PROBLEM:
Quote every line below exactly and skip any picture.

RECORDED DATA:
________________________________________

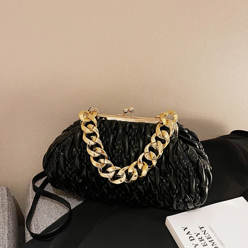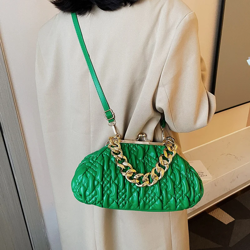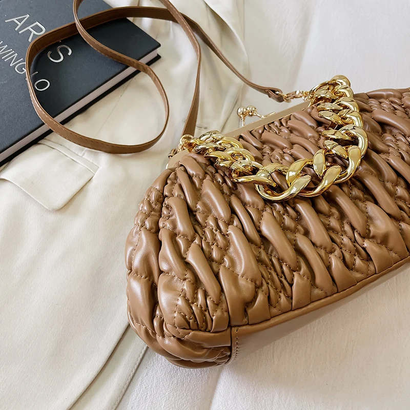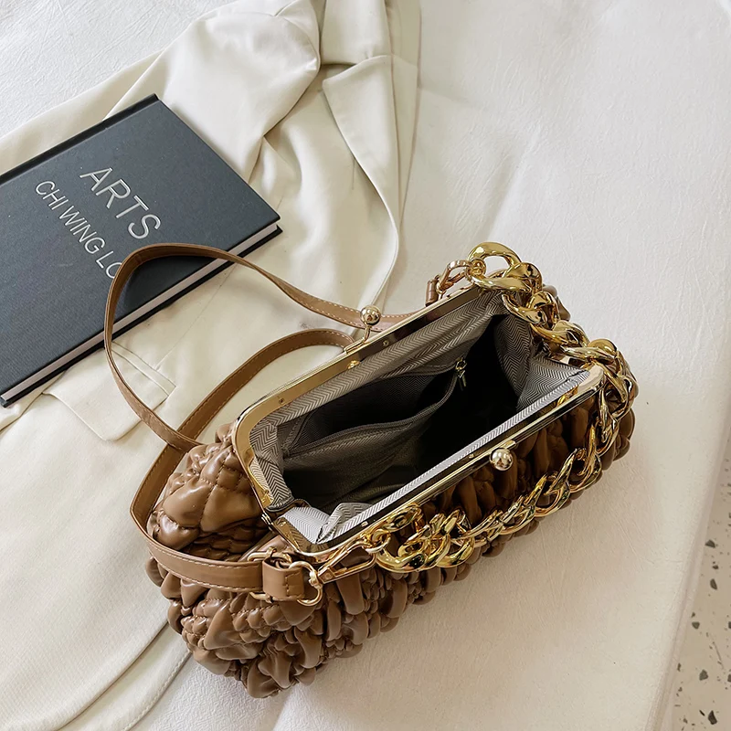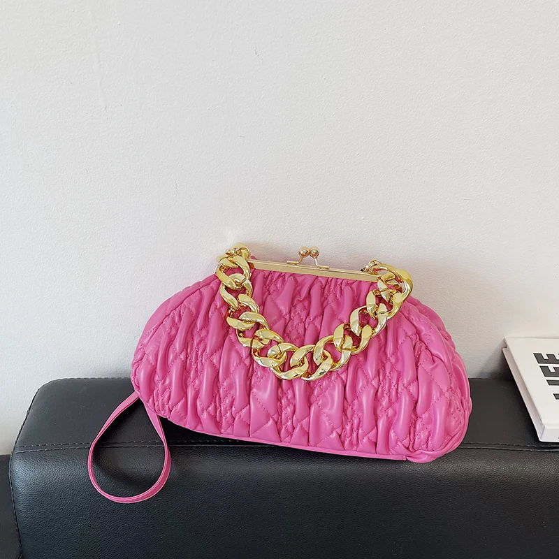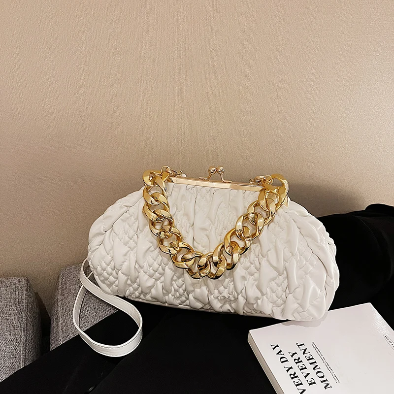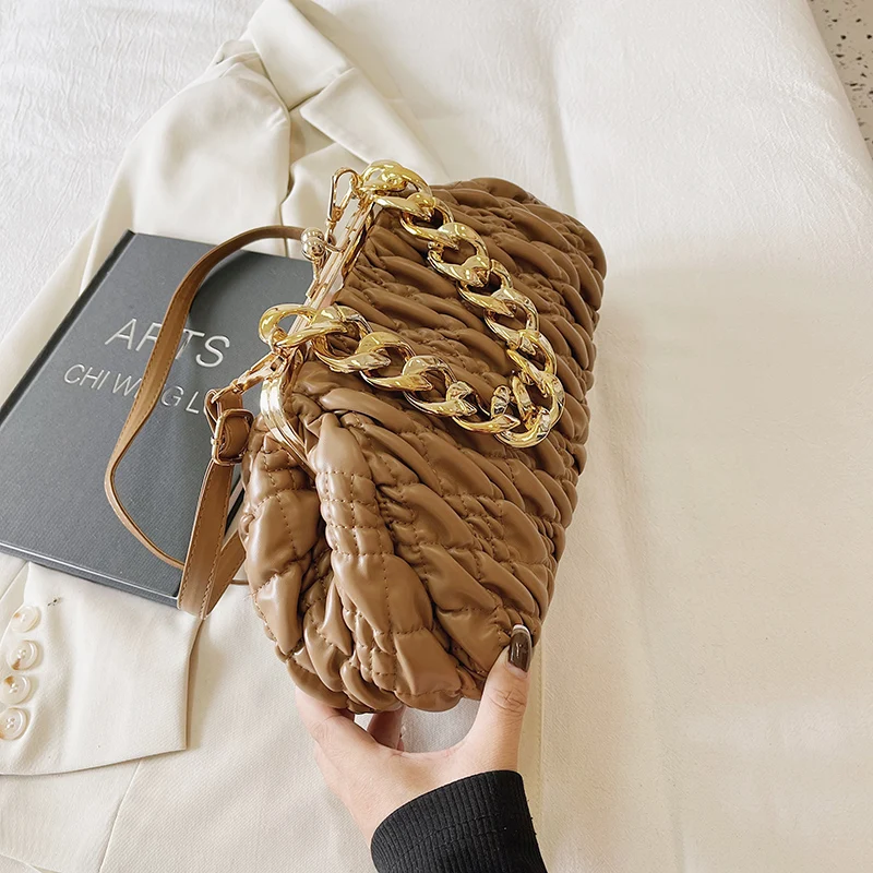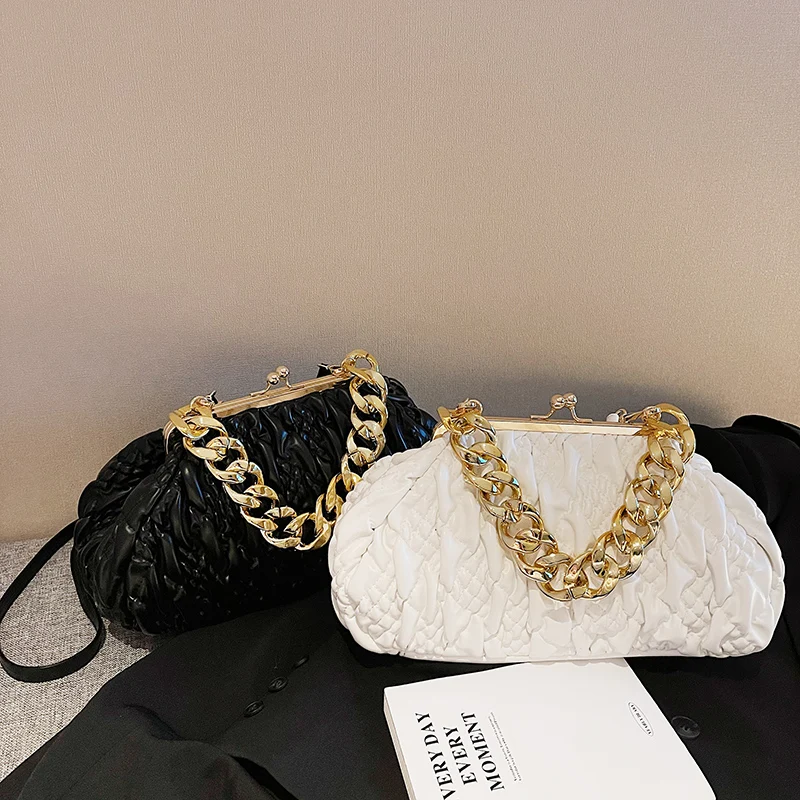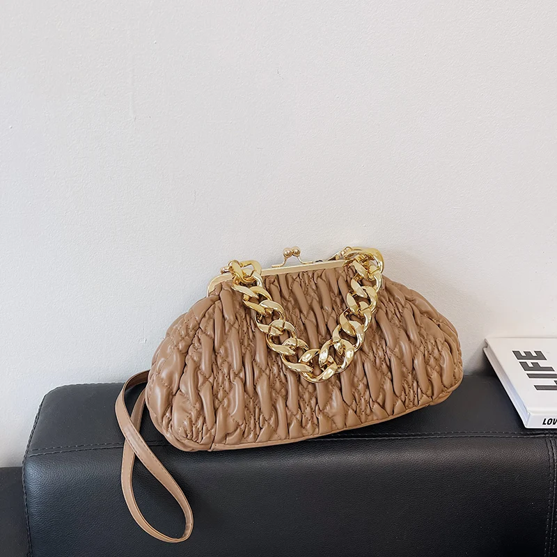 Women’s Bag Luxury Brand Designer Handbag Purse Thick Chain Shoulder Crossbody Bag PU Leather Fashion Clutch
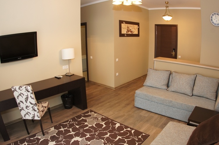 Номер расположен в шестиэтажном корпусе, построенном по европейскому стандарту. Двухкомнатный номер, рассчитанный на два основных места. В комнате предусмотрено наличие либо одной двуспальной, либо двух односпальных кроватей. Номер оборудован всем необходимым для комфортного отдыха.
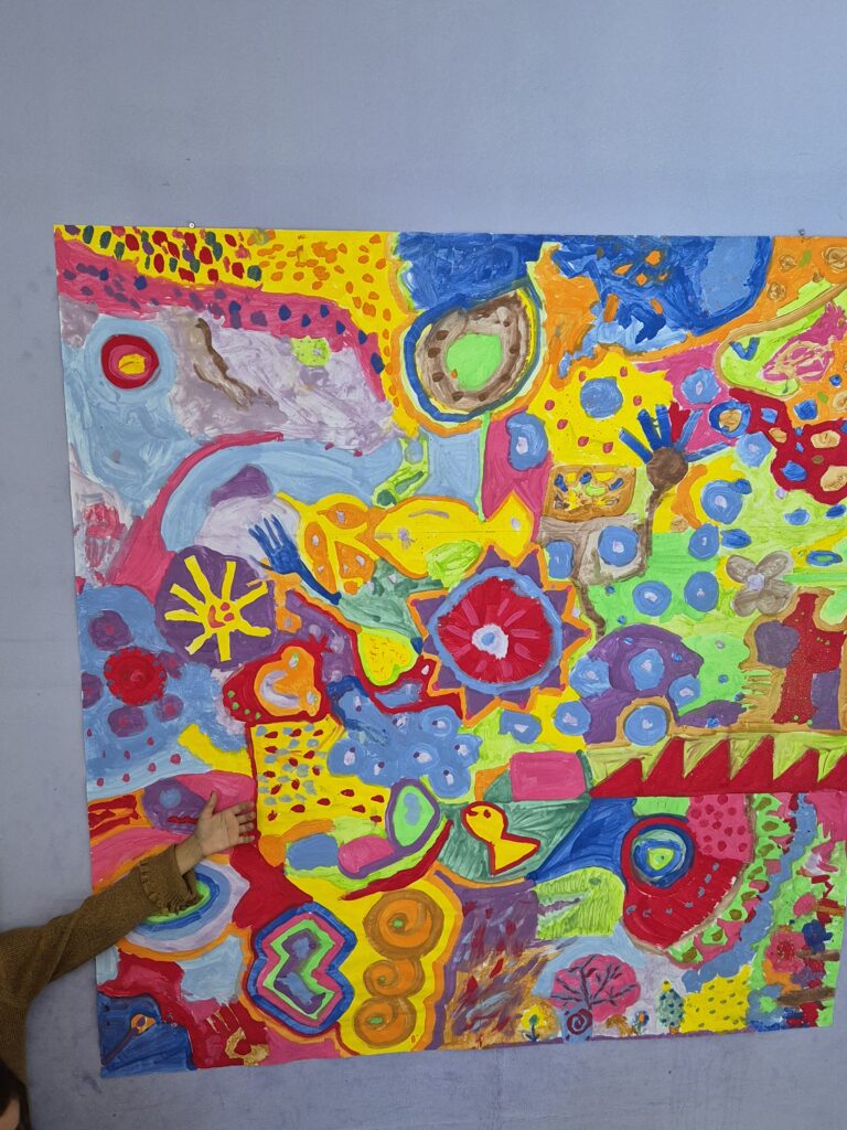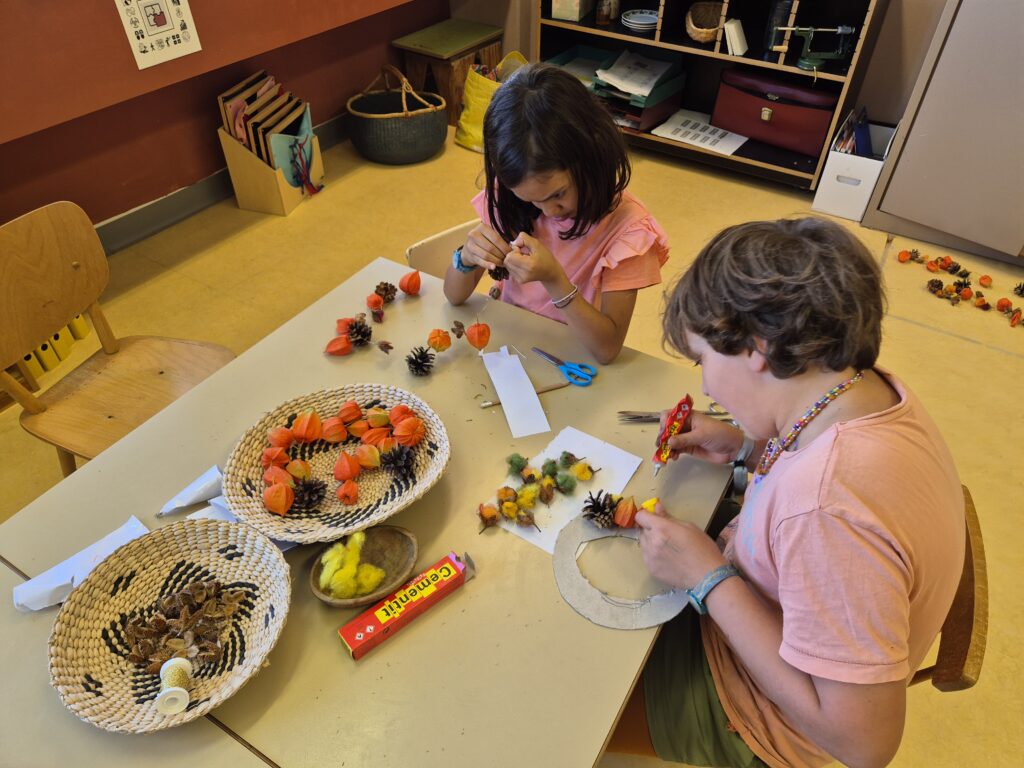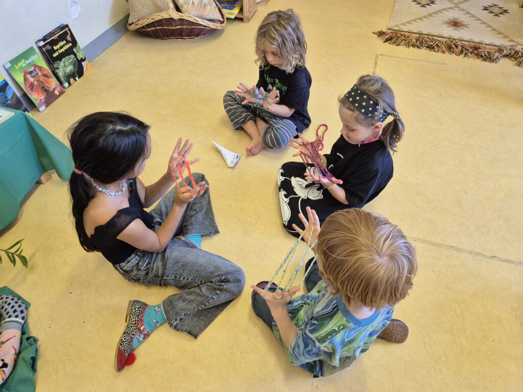 Sei es beim Malen des riesigen, bunten Gruppenbilds, entstanden zu klassischer Musik, als die Kinder einander ganz leise fragten: „M. darf ich das hellblau, wenn du dann damit fertig bist?“ „S. reichst du mir bitte das dunkelgelb rüber, danke“ oder beim Figuren üben mit der selbstgedrehten Wollkordel, wo fleissig einander gezeigt, geholfen und gemeinsam geübt wird. Bei diesen kreativen Tätigkeiten kann jedes Kind gut mithalten, ganz unabhängig von seiner Schulstufe. So hatte einmal der Jüngste seine mit Natur-Herbstmaterial aufgefädelte Girlande geschickt als Erster beendet und die Jüngeren stehen den Älteren im Erfassen des Ablaufs der Fadenspielfiguren in nichts nach.

________________________________________

RESULT OF THIS TASK:
 Women’s Bag Luxury Brand Designer Handbag Purse Thick Chain Shoulder Crossbody Bag PU Leather Fashion Clutch
 Номер расположен в шестиэтажном корпусе, построенном по европейскому стандарту. Двухкомнатный номер, рассчитанный на два основных места. В комнате предусмотрено наличие либо одной двуспальной, либо двух односпальных кроватей. Номер оборудован всем необходимым для комфортного отдыха.
 Sei es beim Malen des riesigen, bunten Gruppenbilds, entstanden zu klassischer Musik, als die Kinder einander ganz leise fragten: „M. darf ich das hellblau, wenn du dann damit fertig bist?“ „S. reichst du mir bitte das dunkelgelb rüber, danke“ oder beim Figuren üben mit der selbstgedrehten Wollkordel, wo fleissig einander gezeigt, geholfen und gemeinsam geübt wird. Bei diesen kreativen Tätigkeiten kann jedes Kind gut mithalten, ganz unabhängig von seiner Schulstufe. So hatte einmal der Jüngste seine mit Natur-Herbstmaterial aufgefädelte Girlande geschickt als Erster beendet und die Jüngeren stehen den Älteren im Erfassen des Ablaufs der Fadenspielfiguren in nichts nach.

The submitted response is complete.